Kontroversi Pernyataan Fadli Zon: Aktivis Geram atas Penyangkalan Kekerasan Seksual 1998

Gelombang Kritik Terhadap Fadli Zon atas Pernyataan Kontroversial Mengenai Peristiwa Mei 1998

Pernyataan Menteri Kebudayaan, Fadli Zon, mengenai kekerasan seksual dalam tragedi Mei 1998 telah memicu reaksi keras dari berbagai kalangan. Dalam sebuah wawancara, Fadli Zon menyatakan bahwa tidak ada bukti kekerasan terhadap perempuan, termasuk pemerkosaan massal, selama kerusuhan yang terjadi pada masa transisi reformasi. Lebih lanjut, ia mengklaim bahwa informasi mengenai pemerkosaan massal pada tahun 1998 hanyalah rumor belaka dan tidak tercatat dalam catatan sejarah resmi.

Ucapan Fadli Zon ini segera memicu perdebatan sengit di ruang publik. Aktivis reformasi 1998, para pejuang hak asasi manusia (HAM), dan berbagai organisasi masyarakat sipil mengecam pernyataan tersebut sebagai bentuk pengingkaran sejarah dan upaya sistematis untuk menghapus jejak pelanggaran HAM masa lalu dari ingatan kolektif bangsa. Mereka berpendapat bahwa pernyataan tersebut meremehkan penderitaan korban dan mengabaikan bukti-bukti yang telah dikumpulkan oleh berbagai pihak.

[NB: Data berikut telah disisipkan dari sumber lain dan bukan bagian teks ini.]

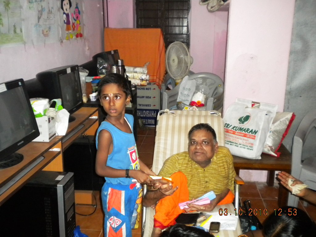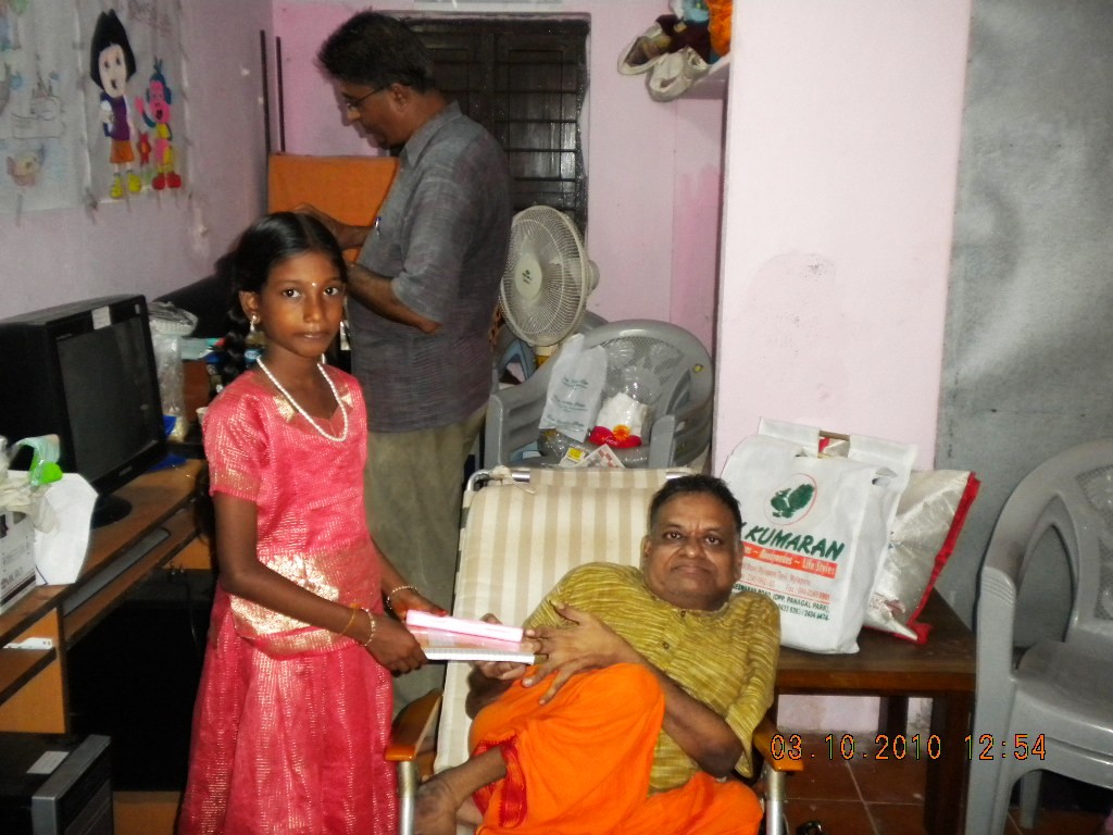 July 2010Maithri thanks Sukrithi Social Foundation for placing three more computers in Maithri office for the students' benefits. Maithri also thanks Mr. Chandrasekar of SAMA Engineering Pvt. Ltd. for providing college text-books worth Rs. 10,000/-. We are indebted to Mr.Narasimhan who had been instrumental for this noble gesture. Mrs. Shobana Surjitkumar of California, USA celebrated her son's birthday by sending boxes with snacks and icecream for Maithri students on 18th July. On July 30, Maithri team (consisting of Mrs., Praveena, Reshma and Rajalakshmi with the Founder trustee) visited Kalanjyum Trust in the outskirts of Chennai and distributed this academic years' fees for 22 students under 'Rural Education Project' programme (pictures). Maithri congratulates Ms. Sowmya Simhan, founder of Sukrithi Social Foundation and one of Maithri trustee for getting the coveted Asendes BEST WOMAN SOCIAL WORKER 2010 award constituted by The Tamilnadu Federation of the Differentlyabled. |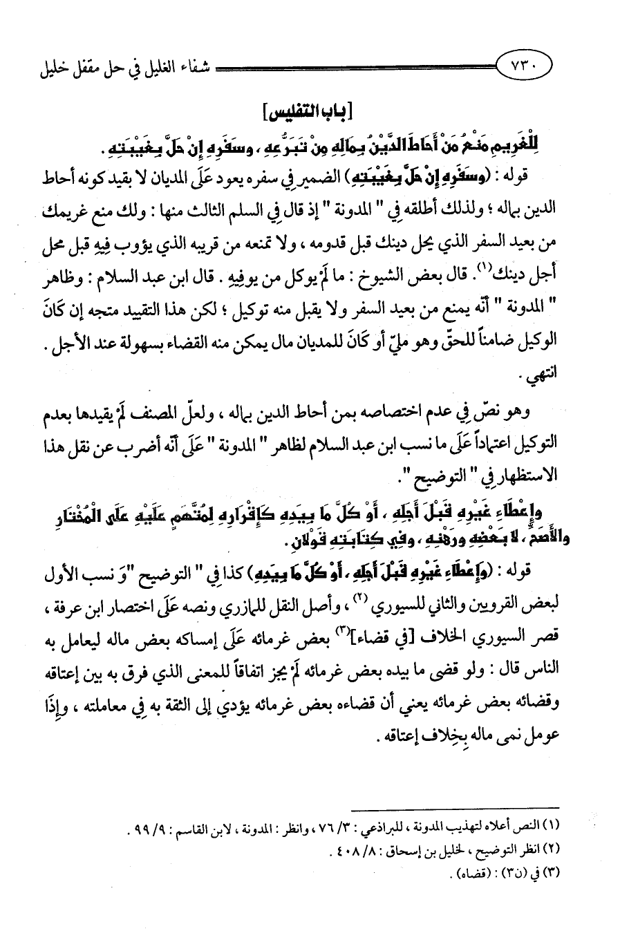 (¬2) انظر التوضيح، لخليل بن إسحاق: 8/ 408.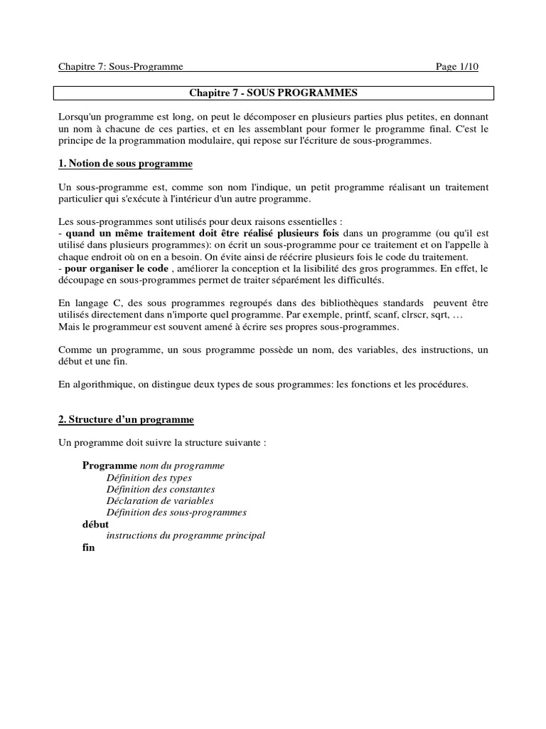 Chapitre 7 - Sous Programmes | PDF | Programme informatique | Programmation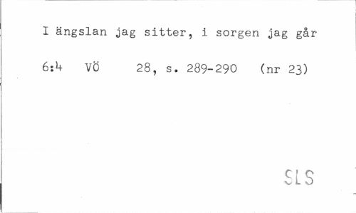 //// I ängslan jag sitter, i sorgen jag går 6ik vö 28, s. 289-290 (nr 23) //// SLS ////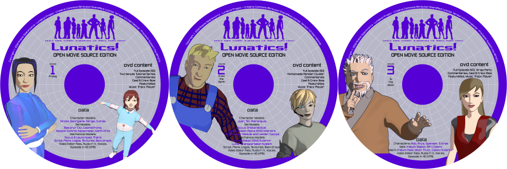 - Disk and jacket art designs for Open Movie edition of “Lunatics!” episodes 1-3.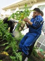 生活単元学習では、2学期から育ててきた大根の収穫をしました。想像以上に立派に育った大根を見て驚きながらも、みんなで協力して引き抜き、泥で服が汚れるのも気にせず熱心に水洗いをし、土を落として葉を切るなど、販売に向けた準備を丁寧に進めることができました。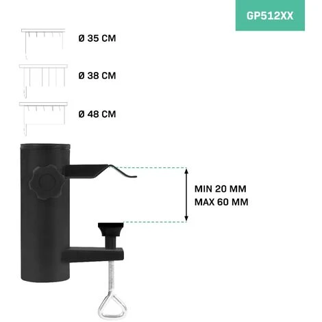 Il supporto è adatto al montaggio di tre misure di pali per ombrelloni. Il portapalo per ombrellone può essere utilizzato per pali con un diametro di: 35mm, 38mm o 48mm. Ti consigliamo di non utilizzare il porta ombrellone con l’ombrellone aperto in caso di vento forte. Anche quando hai l’ombrellone chiuso e c’è un forte vento, è consigliabile rimuoverlo comunque dal supporto.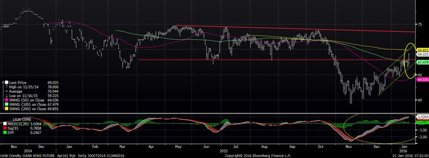 · Porc: La tendance haussière se poursuit sur les livraisons rapprochées, la résistance de 68.00 brisée aujourd’hui sur avril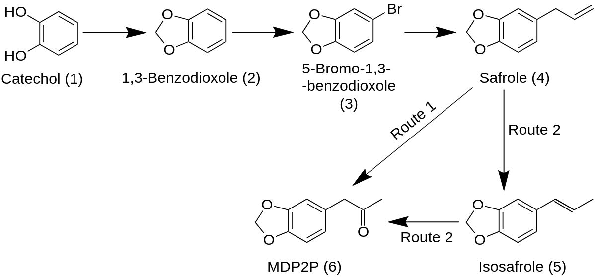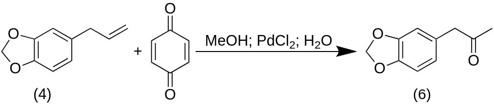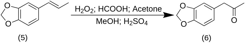 В этой статье представлен синтетический метод получения MDP2P (6) из катехина через сафрол, пути реакции показаны на схеме ниже. Синтез Сафрола представляет собой реакцию с двумя разными условиями и несколько разными выходами.
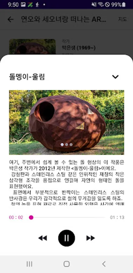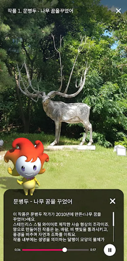 - Augmented reality artwork commentary by Yeon-oh and Seo while looking at the outdoor collections on site at Hwanho Park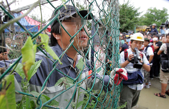 쌍용자동차 사측의 '협상 결렬선언'으로 긴장감이 고조되고 있는 가운데, 3일 오전 경기도 평택 쌍용자동차 도장 공장에서 '총고용 보장,대화를 통한 평화적 해결' 등을 요구하며 점거농성 중인 쌍용 노동자들.[사진-통일뉴스 조성봉 기자]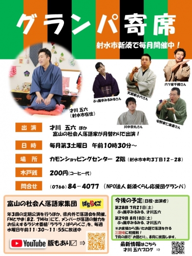 7月の出演報告! 1 サロン落語 今回で4回目になりました、射水市大島地区の高齢者サロンさんでの落語。いつもは、会場備え付けの六角形のテーブルに座らせていただいているのですが、今回はいつもの和室が使えないということで、別の部屋で椅子席になったということだったので、先日の小杉展示館さんでの落語会のために天瀬家小六さんにお借りしたままの高座せっとが手元にあったので、使わせていただきました。夏らしい2席を聞いていただきました。 2 グランパさんは今回で28回目になりまし...

Kecaman dari Koalisi Masyarakat Sipil

Koalisi Masyarakat Sipil Melawan Impunitas secara tegas mengutuk pernyataan Fadli Zon. Koalisi ini, yang terdiri dari sejumlah organisasi dan individu, menganggap ucapan Fadli sebagai bentuk manipulasi sejarah dan pelecehan terhadap upaya mengungkap kebenaran, khususnya terkait kekerasan seksual terhadap perempuan dalam peristiwa Mei 1998. Mereka menekankan bahwa pernyataan Fadli Zon tidak hanya tidak sensitif terhadap korban, tetapi juga merusak upaya untuk memastikan keadilan dan pemulihan bagi mereka yang terdampak.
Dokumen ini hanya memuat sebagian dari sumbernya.